● INPUT FOR THIS TASK
----

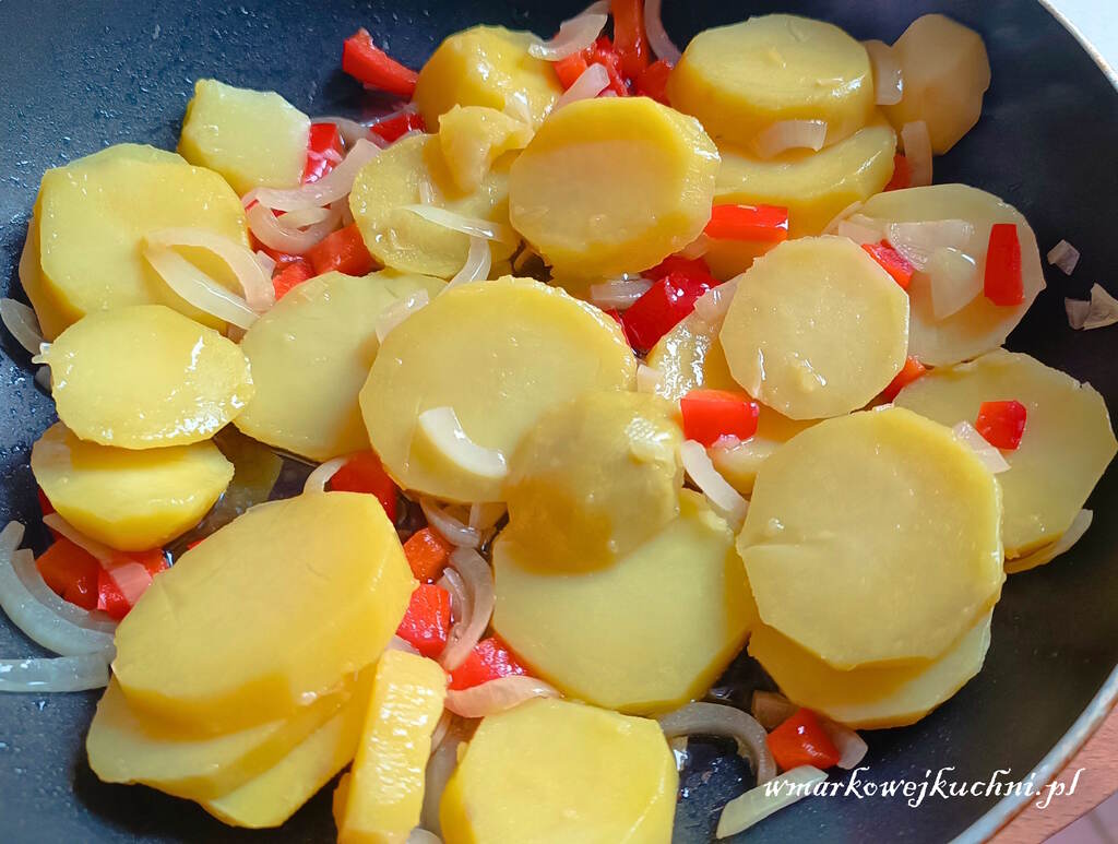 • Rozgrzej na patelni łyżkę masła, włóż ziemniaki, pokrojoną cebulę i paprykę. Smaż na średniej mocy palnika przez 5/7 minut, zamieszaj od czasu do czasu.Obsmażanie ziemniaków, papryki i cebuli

----

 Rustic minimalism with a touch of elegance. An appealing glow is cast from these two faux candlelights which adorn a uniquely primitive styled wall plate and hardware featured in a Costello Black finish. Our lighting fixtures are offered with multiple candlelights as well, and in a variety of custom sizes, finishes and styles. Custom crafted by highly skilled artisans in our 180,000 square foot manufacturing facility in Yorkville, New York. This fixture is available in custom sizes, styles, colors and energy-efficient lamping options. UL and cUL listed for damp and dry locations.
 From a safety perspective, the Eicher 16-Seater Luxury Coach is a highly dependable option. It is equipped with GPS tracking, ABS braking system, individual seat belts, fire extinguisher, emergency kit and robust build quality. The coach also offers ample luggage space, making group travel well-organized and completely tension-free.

----

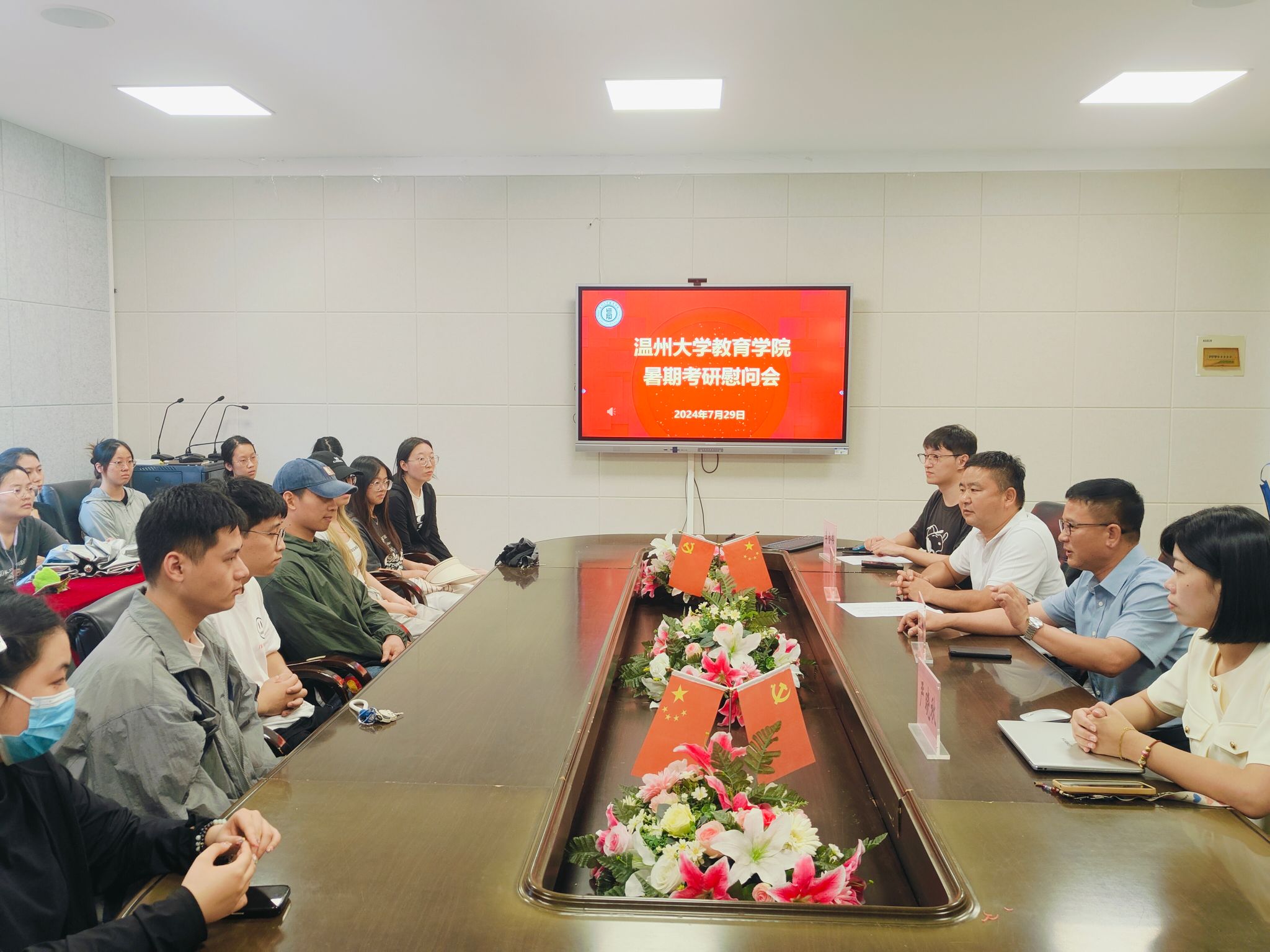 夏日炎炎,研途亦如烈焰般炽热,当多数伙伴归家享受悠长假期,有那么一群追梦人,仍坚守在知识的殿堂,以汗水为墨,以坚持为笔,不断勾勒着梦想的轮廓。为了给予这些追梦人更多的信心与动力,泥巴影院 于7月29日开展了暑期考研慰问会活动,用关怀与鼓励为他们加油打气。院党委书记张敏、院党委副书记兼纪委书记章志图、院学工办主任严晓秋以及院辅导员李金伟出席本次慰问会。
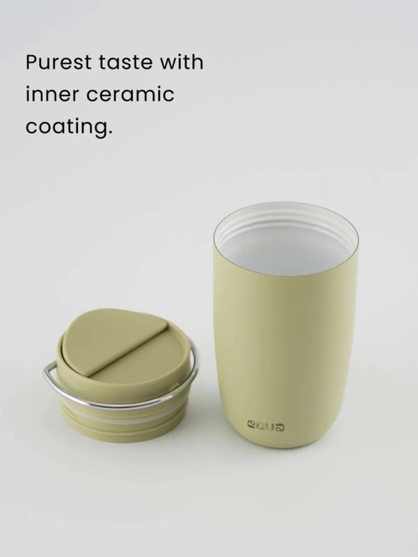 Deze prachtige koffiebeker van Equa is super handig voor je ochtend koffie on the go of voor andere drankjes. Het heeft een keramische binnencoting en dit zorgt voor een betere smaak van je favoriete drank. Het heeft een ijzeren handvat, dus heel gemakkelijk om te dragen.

----

● HOW TO COMPLETE THIS TASK
Where does the word "well" appear in the records above? Return every line that holds it.

● OUTPUT
 Rustic minimalism with a touch of elegance. An appealing glow is cast from these two faux candlelights which adorn a uniquely primitive styled wall plate and hardware featured in a Costello Black finish. Our lighting fixtures are offered with multiple candlelights as well, and in a variety of custom sizes, finishes and styles. Custom crafted by highly skilled artisans in our 180,000 square foot manufacturing facility in Yorkville, New York. This fixture is available in custom sizes, styles, colors and energy-efficient lamping options. UL and cUL listed for damp and dry locations.
 From a safety perspective, the Eicher 16-Seater Luxury Coach is a highly dependable option. It is equipped with GPS tracking, ABS braking system, individual seat belts, fire extinguisher, emergency kit and robust build quality. The coach also offers ample luggage space, making group travel well-organized and completely tension-free.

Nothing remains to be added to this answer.